Unternehmenskultur ändert sich nicht von alleine

Ohne eine offene, eine vielfältige und interaktive Kultur entsteht kein großes Ganzes. Davon bin ich überzeugt. Gerade in Zeiten, in denen identitäres Gedankengut anderes verheißt. Sei es „die Mannschaft“ oder unsere Gesellschaft: Kultur entscheidet über Gelingen oder Misserfolg. Dies gilt erst recht für wirtschaftliche Systeme.

Wie sie mit Themen intern umgehen, wie sie Werte – jenseits der Leitbilder – leben und wie stark sie in ihrer Organisaton und mit anderen Systemen verdrahtet sind, um neues aufzunehmen – all das steuert Kultur.
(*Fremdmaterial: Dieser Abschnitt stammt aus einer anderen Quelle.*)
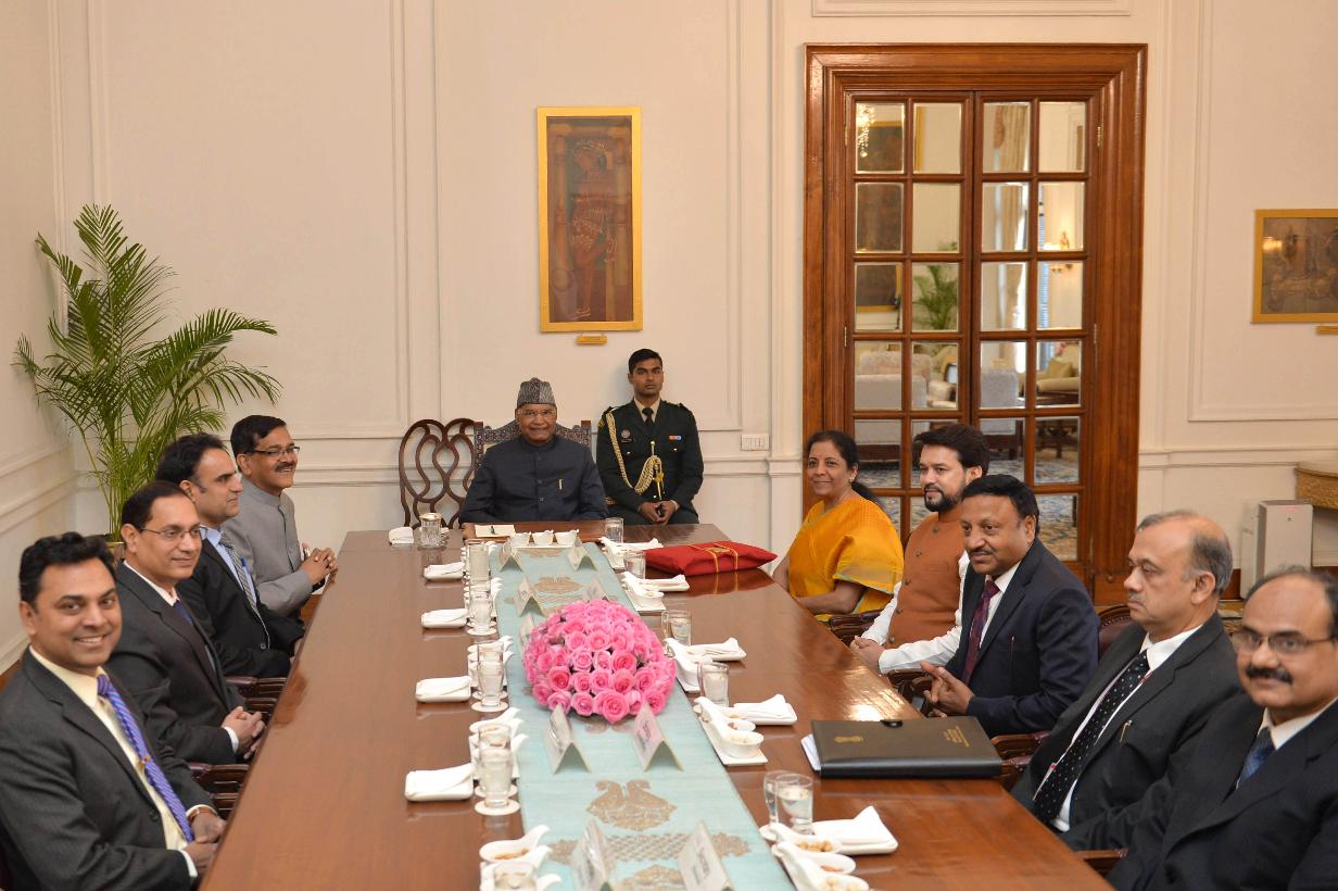 | Caption: | As per Tradition, the Finance Minister, Smt. Nirmala Sitharaman, the Minister of State for Finance, Shri Anurag Singh Thakur along with Senior Officers of the Finance Ministry calling on the President of India, Shri Ram Nath Kovind, before presenting the Union Budget, at Rashtrapati Bhavan on February 01, 2020. |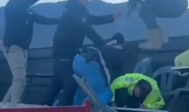 Aydın'ın Bozdoğan ilçesinde deve güreşi festivalinde çıkan kavgayı ayırmaya çalışan trafik polisine saldıran şüpheli O.Ç., jandarma ekiplerince gözaltına alındı.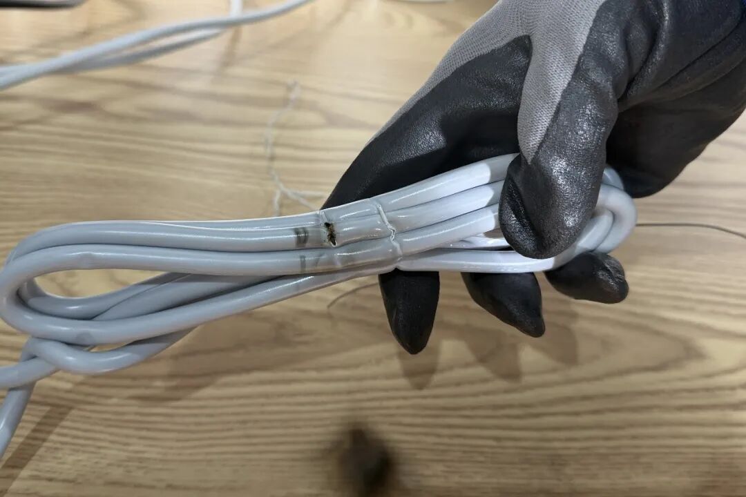 在温度达到217.2℃时,捆成一团的电线突然发出爆响声,并在接触部位发生打火现象,电线绝缘保护层破损、导线裸露。

In ihr ist die Unternehmensgeschichte verdichtet, sind Rituale beheimatet und spielt die Melodie, in der sich Menschen begegnen. Im Takt oder in Disharmonie. Sie ist alles, die wertvollste Ressource, und nichtsdestotrotz so schwer greifbar.

Liebe geht durch den Magen, heißt es so schön. Wandel geht über die Kultur. Wie oft haben wir in unserem Berufsleben schon erlebt, dass gut gemeinte Änderungen von der Kultur nicht verdaut und gnadenlos ausgespien wurden. Weil sie nicht verträglich waren und nicht mit, sondern gegen die Kultur zubereitet wurden.

Viele Führungskräfte würden darauf erwidern, es liege daran, dass es Mitarbeitern an Veränderungsbereitschaft fehle. Das ist die übliche Antwort – und stellt gerade den Führungskräften ein Armutszeugnis aus. Wer, wenn nicht sie, spielt im Wandel eine bedeutende Rolle, geht voran, holt Mitarbeiter ab. Oder mangelt es Führungskräften an der Kompetenz, sich selbst zu bewegen? Macht bindet. Und auch für sie gilt: Wo kommen ihre Ressourcen her, sich zu verändern?

An dieser Stelle leiste ich Abbitte. Ich habe jahrelang gehofft – wohl berufliche Postadoleszenz -, dass Kultur sich aus sich selbst heraus bewege. Mithilfe profunder und seriöser Arbeit. Nein, natürlich habe ich nie an postulierte Werte und Leitbilder geglaubt, sondern an die Hoffnung, Haltungen ließen sich verändern. Auf dass Menschen anders kommunizieren und führen. Das war schlicht naiv, obwohl ich systemisch ausgebildet bin.

Von dieser Gutgläubigkeit habe ich mich verabschiedet. Es gilt in der digitalen Transformation mehr denn je, am System und nicht im System zu arbeiten. Wer Kultur verändern will, muss den Rahmen und die Bahnen ändern, in denen sich Kultur vollzieht. Dazu zählen die Entscheidungs- und Kommunikationswege genauso wie die organisatorischen Strukturen eines Systems.

Wer an diesen Schrauben dreht, merkt, dass sich Kultur verändert, sich an den veränderten Bedingungen ausrichtet. Von ganz alleine. Wer wagt, gewinnt. Und wer über Mut zur Unsicherheit verfügt: Keiner kann 1:1 vorhersagen, wie sich die Kultur bewegt. Vielmehr sprechen wir von einem Dauerprogramm, in dem die Arbeitenden am System wie Seismographen wahrnehmen, was sich verändert und darauf aufbauend den nächsten Schritt unternehmen.

Bottom-up lässt sich nicht gut schrauben. Rahmen neu justieren ist und bleibt eine Management-Aufgabe. Drunter geht es nicht, auch wenn dies eine Binse ist. Evangelisten kurz einfliegen, hilft hier nicht weiter. Veränderungen zu gestalten ist nichts für Social Media, sondern eine Kärrnerarbeit. Zäh und anstrengend – und das ganze noch ohne Erfolgsgarantie. Dazu bedarf es der Hilfe wirklicher Organisationsentwickler mit vielfältiger Erfahrung.